Le sue grida hanno richiamato l’attenzione delle persone circostanti e il tentato sequestro è fallito. Mosavi non è mai venuta a conoscere l’identità dei rapitori, ma da allora viaggia sotto scorta dentro un mezzo blindato fornito dalla sua azienda. Né il Governo, né la polizia hanno fatto niente per aiutarla. «Funziona così in Afghanistan», sorride la giornalista, che abbiamo incontrato nella sede del GdP. La 23enne è stata invitata in Svizzera da Reporters sans frontières per raccontare la situazione del suo Paese, dove infuria ancora la guerra senza quartiere contro talebani e Stato islamico, e delle donne.
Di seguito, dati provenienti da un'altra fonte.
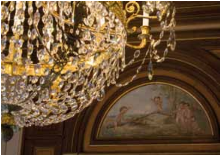
Lustre Empire et dessus-de-porte « Jeux d'enfants », salon, rez-de-chaussée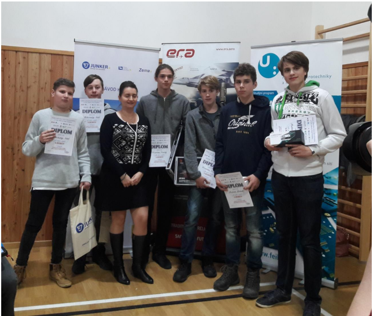
Pardubická soutěž S-ROBOT a stříbrní žáci 9. ročníku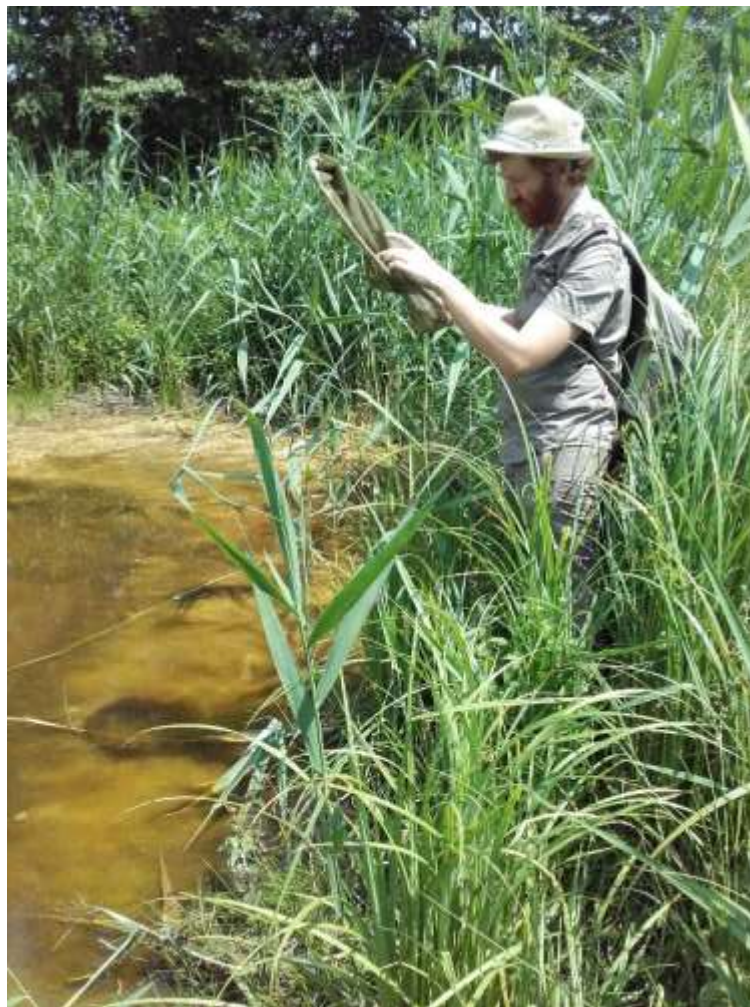
Figure 2 : Inventaire des odonates dans le Bois de Vaires-sur-Marne

La suite de ce bilan est structurée selon les missions ci-dessus, et se propose de détailler les réalisations de 2017.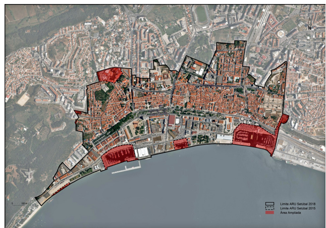
Figura 4. — Alteração à Delimitação da Área de Reabilitação Urbana de Setúbal — Sobreposição ARU Setúbal 2015 e 2018

A extensão da ARU Setúbal, passará dos atuais 1 393 338 m 2 da ARU de Setúbal 2015, para 1 558 695 m 2 estando englobados total de mais de 2916 edifícios e estimando-se cerca de 10 250 unidades.

Durante l’intervista lascia che i lunghi capelli scuri le ricadano liberamente sulle spalle. «Nel mio Paese sono obbligata a portare il velo, ma per me non ha alcun significato, quindi ora che sono qui non lo indosso. Il mio rapporto con l’islam non è così buono», spiega.

 

Quella di Mosavi è una testimonianza importante, perché porta alla luce i problemi e le contraddizioni di un Paese che dai tempi dell’entrata a Kabul dell’Armata rossa sovietica nel 1979 prima, della conquista del potere talebana e dell’invasione da parte degli Stati Uniti poi, ha conosciuto pochi momenti di pace. Essere giornalista, soprattutto donna, non è facile nella Repubblica islamica e Mosavi ha dovuto combattere per intraprendere la professione, nella quale ha mosso i primi passi già a 16 anni. Oggi, nonostante la giovane età, conduce su TOLOnews una trasmissione di carattere economico intitolata “Bazaar”. Ogni sera mostra il suo volto in diretta e questo è per molti insopportabile. «All’inizio lo era anche per la mia famiglia».

Non volevano che tu diventassi giornalista?
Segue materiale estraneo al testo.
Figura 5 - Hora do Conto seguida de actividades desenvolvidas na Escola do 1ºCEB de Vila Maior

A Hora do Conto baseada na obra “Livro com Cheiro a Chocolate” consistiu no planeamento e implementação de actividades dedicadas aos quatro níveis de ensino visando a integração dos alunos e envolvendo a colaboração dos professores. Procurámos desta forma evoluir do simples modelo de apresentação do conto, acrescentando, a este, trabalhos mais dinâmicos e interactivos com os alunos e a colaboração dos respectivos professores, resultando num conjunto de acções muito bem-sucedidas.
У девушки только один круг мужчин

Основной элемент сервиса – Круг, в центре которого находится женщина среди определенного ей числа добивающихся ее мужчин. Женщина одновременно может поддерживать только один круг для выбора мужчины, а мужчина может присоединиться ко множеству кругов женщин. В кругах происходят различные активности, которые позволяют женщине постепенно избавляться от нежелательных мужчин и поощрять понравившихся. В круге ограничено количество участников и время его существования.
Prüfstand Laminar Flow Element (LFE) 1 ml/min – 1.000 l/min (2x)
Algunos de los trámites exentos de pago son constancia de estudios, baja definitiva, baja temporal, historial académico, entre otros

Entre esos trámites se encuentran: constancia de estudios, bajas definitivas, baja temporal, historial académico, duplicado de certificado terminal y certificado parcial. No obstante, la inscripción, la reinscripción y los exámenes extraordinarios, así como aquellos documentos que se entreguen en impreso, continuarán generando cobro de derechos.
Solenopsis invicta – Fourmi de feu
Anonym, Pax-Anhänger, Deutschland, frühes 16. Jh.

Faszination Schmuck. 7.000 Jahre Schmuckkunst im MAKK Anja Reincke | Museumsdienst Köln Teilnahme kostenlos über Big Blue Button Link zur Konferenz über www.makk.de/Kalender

No. In generale, l’islam in Afghanistan impedisce a una donna di essere equiparata a un uomo. Nelle moschee si ripete che le donne non devono studiare e non devono uscire di casa a meno che non indossino il velo. La mentalità purtroppo è questa, è una cultura che aiuta i terroristi. Io però ho lavorato duro e ho dimostrato ai miei genitori che potevo farcela, che potevo studiare e lavorare. All’inizio, quando mi vedeva in televisione, mio padre cambiava canale. Oggi però è orgoglioso di me.

È difficile essere una giornalista in Afghanistan?

Ricevo in continuazione minacce da talebani e Stato islamico. Hanno cercato di rapirmi e corro il rischio, oltre che di essere uccisa, anche di essere sfregiata con l’acido. Un modo per punire le donne che mostrano il proprio volto in televisione. Non esco mai, se non per lavoro e la mia emittente mi ha fornito un’auto con guidatore e guardia del corpo per compiere il tragitto.

L’impressione è che USA e Occidente stiano perdendo la guerra. Il Governo di Kabul comanda poco più del 50% del Paese. Il resto è in mano ai talebani o all’ISIS, che compiono attentati a ripetizione.

Io non credo che i talebani potranno mai vincere la guerra, ma godono di un forte sostegno tra la popolazione. La situazione purtroppo peggiora di giorno in giorno e ho l’impressione che gli americani non vogliano fermare questa guerra. Altrimenti l’avrebbero già fatto.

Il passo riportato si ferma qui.